→ **Raw data**:
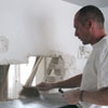 Het gat in de keukenmuur, gevolg van de iets te zware pneumatische hamer van de buurman, is bijna dicht. Bijna. Morgen komt de stucadoor. Eerder heeft Erik nieuwe bakstenen in de muur gemetseld.
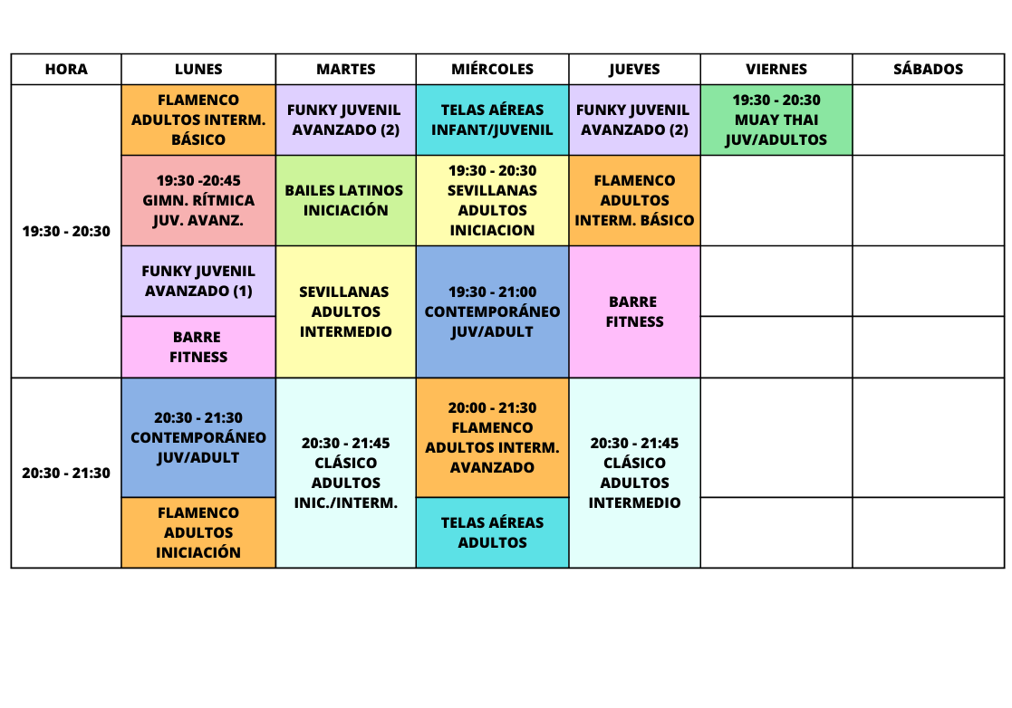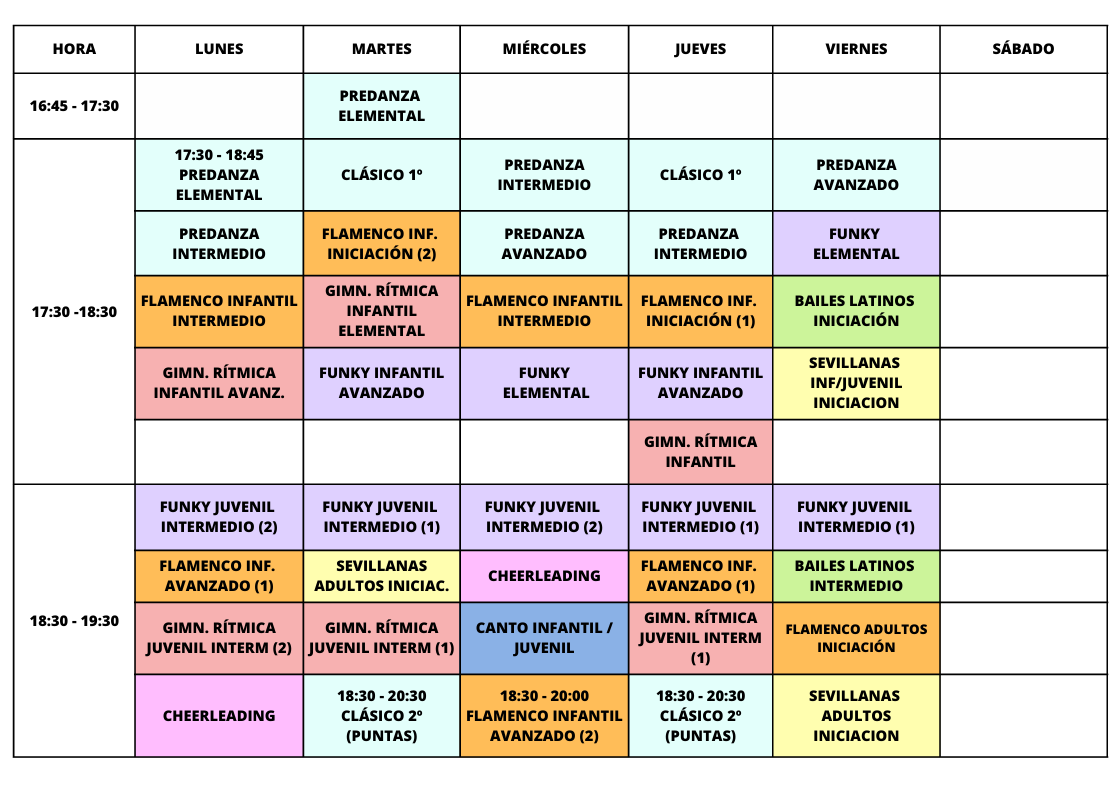 A continuación presentamos una amplia variedad de horarios y actividades, dirigido para todas las edades y niveles.
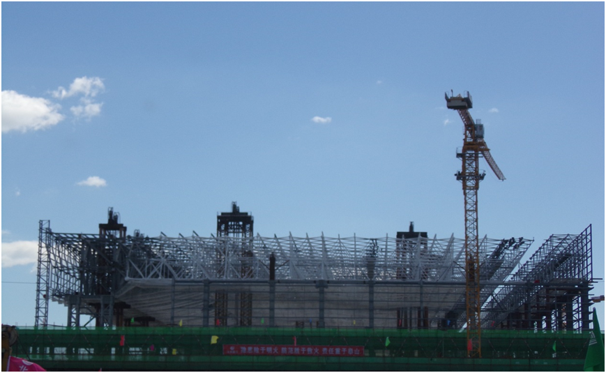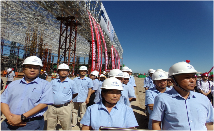 公司總工在儀式現(xiàn)場指導1號機庫屋蓋后續(xù)嵌補桿件質量控制工作及質量控制重點。
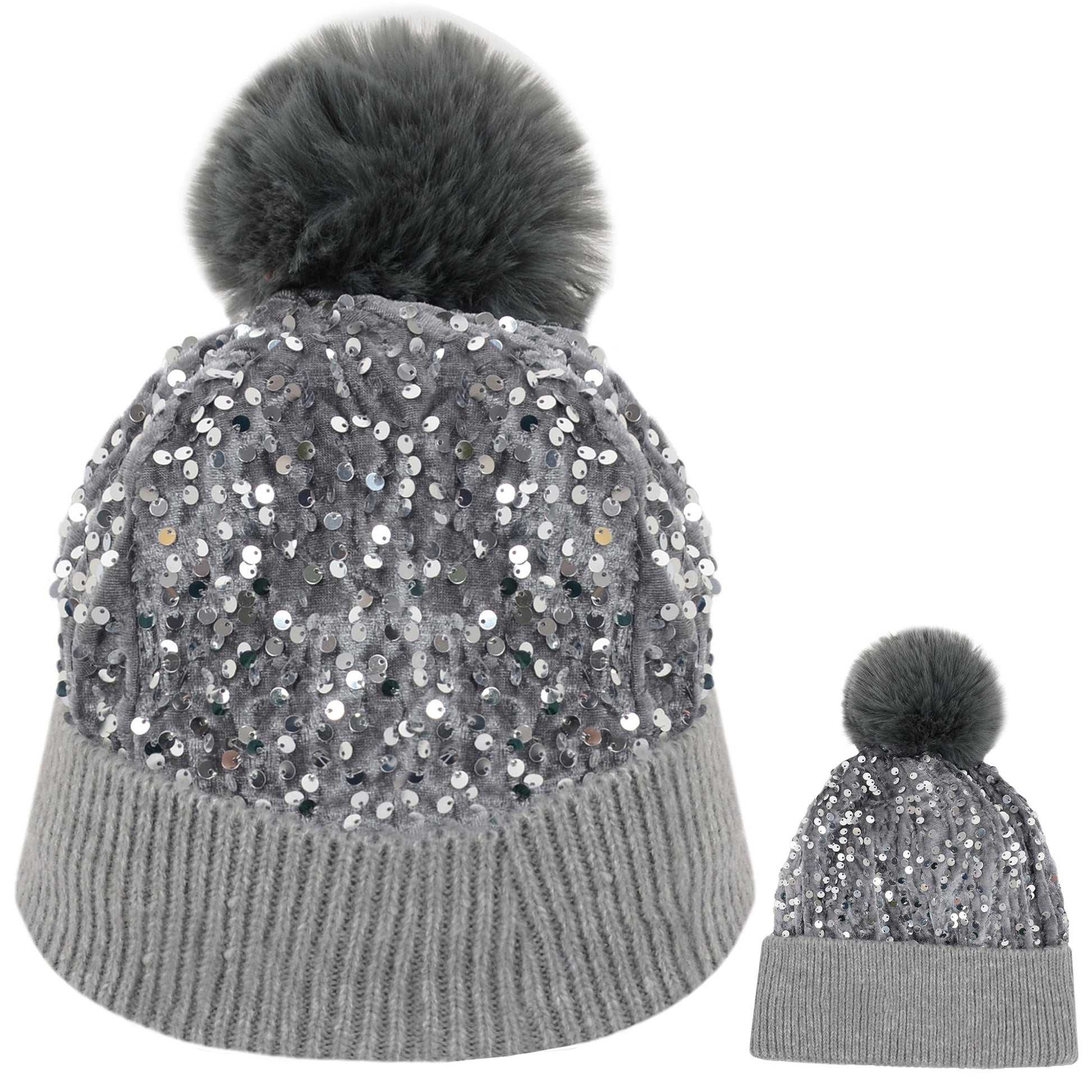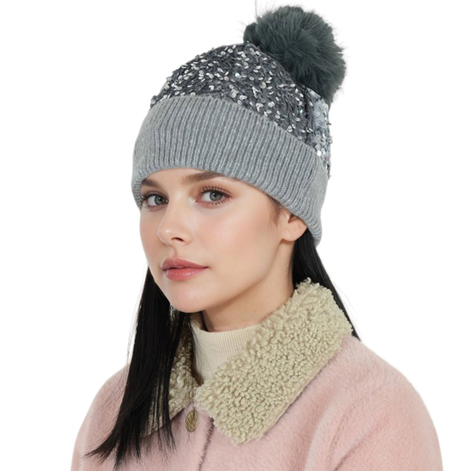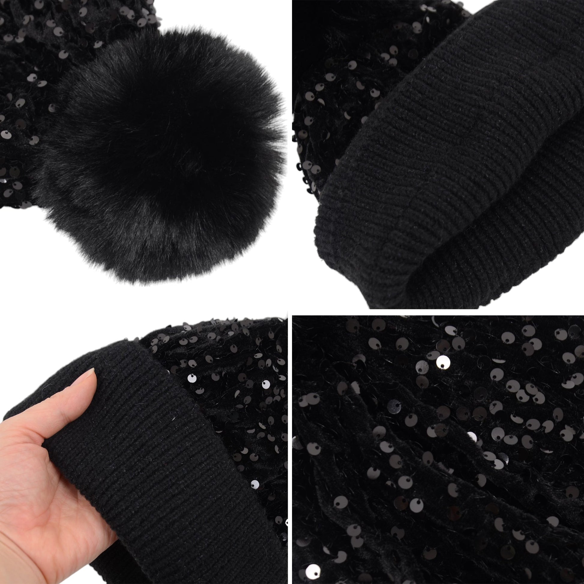 Sparkly Sequin Beanie Hat with Faux Fur Pom Pom Knit Skull Cap for Women

→ **Prompt**:
Starting with the first line of the data above and ending with the line containing "公司總工在儀式現(xiàn)", please restate every line exactly, leaving images out.

→ **Answer box**:
 Het gat in de keukenmuur, gevolg van de iets te zware pneumatische hamer van de buurman, is bijna dicht. Bijna. Morgen komt de stucadoor. Eerder heeft Erik nieuwe bakstenen in de muur gemetseld.
 A continuación presentamos una amplia variedad de horarios y actividades, dirigido para todas las edades y niveles.
 公司總工在儀式現(xiàn)場指導1號機庫屋蓋后續(xù)嵌補桿件質量控制工作及質量控制重點。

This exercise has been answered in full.